For the fMRI scans, subjects viewed point light animations of coherent and scrambled biological motion in a block design [2] (24s per block). The fMRI data was preprocessed using FSL [8] as follows: 1) motion correction using MCFLIRT, 2) interleaved slice timing correction, 3) BET brain extraction, 4) spatial smoothing (FWHM=5mm), and 5) high-pass temporal filtering. The functional and anatomical data were registered to the MNI152 standard brain atlas [9]. The first few frames were discarded, resulting in 146 frames for each fMRI sequence.

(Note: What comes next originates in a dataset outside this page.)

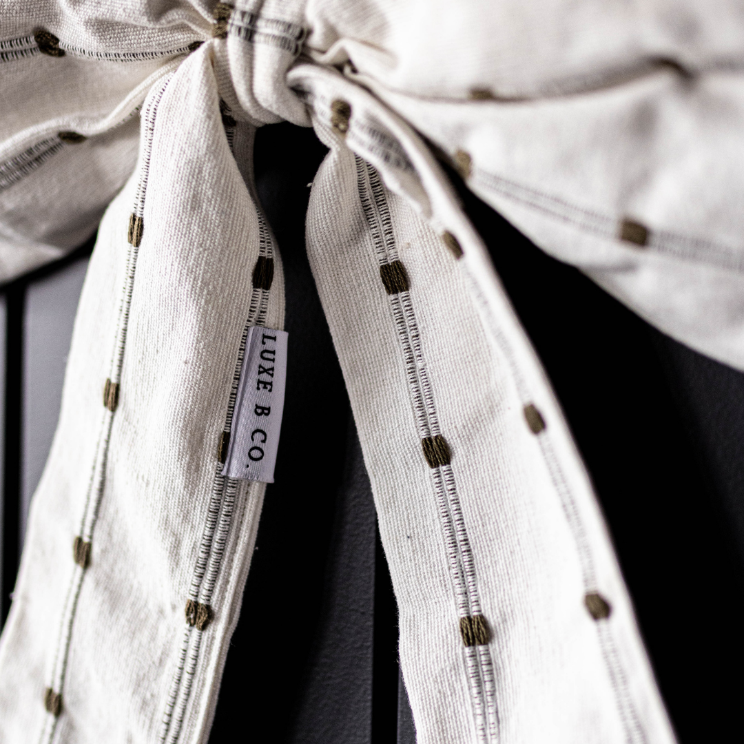 The Luxe B Co. White & Light Green Dotted Stripe Bows are made from soft, premium cotton and hand-finished with a delicate silk ribbon at the center, making them effortless to hang and style throughout your home. Designed with a subtle white & light green dotted stripe pattern, these bows bring a light, airy charm to any space. Their clean, classic look makes them a beautiful addition to both seasonal displays and everyday decor. Perfect for adding a touch of elegance to nurseries, entryways, mantles, or even as wall accents. The White & Light Green Dotted Stripe Bows are ideal for adorning trees, wreaths, or giving your gift wrapping a thoughtfully handcrafted finish.

3.2. Model Training and Testing

In our experiments, validation data was used to choose the best stopping epoch, avoiding overfitting. To test the robustness of the algorithm, four sets of training, validation and testing subjects were randomly sampled with stratification based on the subject’s label (control or ASD). For every set, 85% of the subjects were selected as training data, 7% of the subjects were selected as validation data, 8% of the subjects were selected as testing data. All the 3D volume data were standardized by subtracting the mean and dividing all voxels by the maximum absolute value before feeding into the model. In statistical analysis of binary classification, the F score is a measure of a test’s accuracy. It consider both Precision=tptp+fp and Recall=tptp+fn, where tp is true positive, fp is false positive and fn is true negative. The F-score is defined as 2Precision Recall/(Precision + Recall). F-scores of each testing performance were recorded.

3.3. Input Comparison

Initially, the modified C3D network was tested on task fMRI and residual fMRI without sliding window. The task-fMRI did not perform well (Table 1) likely because the 3D volumes varied in a single subject, and it was difficult to learn the common features for all the 3D volumes in a single subject. Residual-fMRI is the signal that represents the residual after modeling out the biological and scrambled motion blocks and their temporal derivative effects from task-fMRI by GLM analysis [10]. Residual-fMRI is independent on the task parameters and subject parameters, making it easier to learn the common features of the fMRI signals in the same class. So our sliding window experiment was based on residual-fMRI. From each sliding window we generate a mean and a std image. Then the single mean channel input, single std channel input, and the combined 2-channel input were tested in the proposed 2CC3D model. Sliding window data were generated using w = 3 and stride = 1.

Table 1.

F-score of different inputs (w = 3, stride = 1)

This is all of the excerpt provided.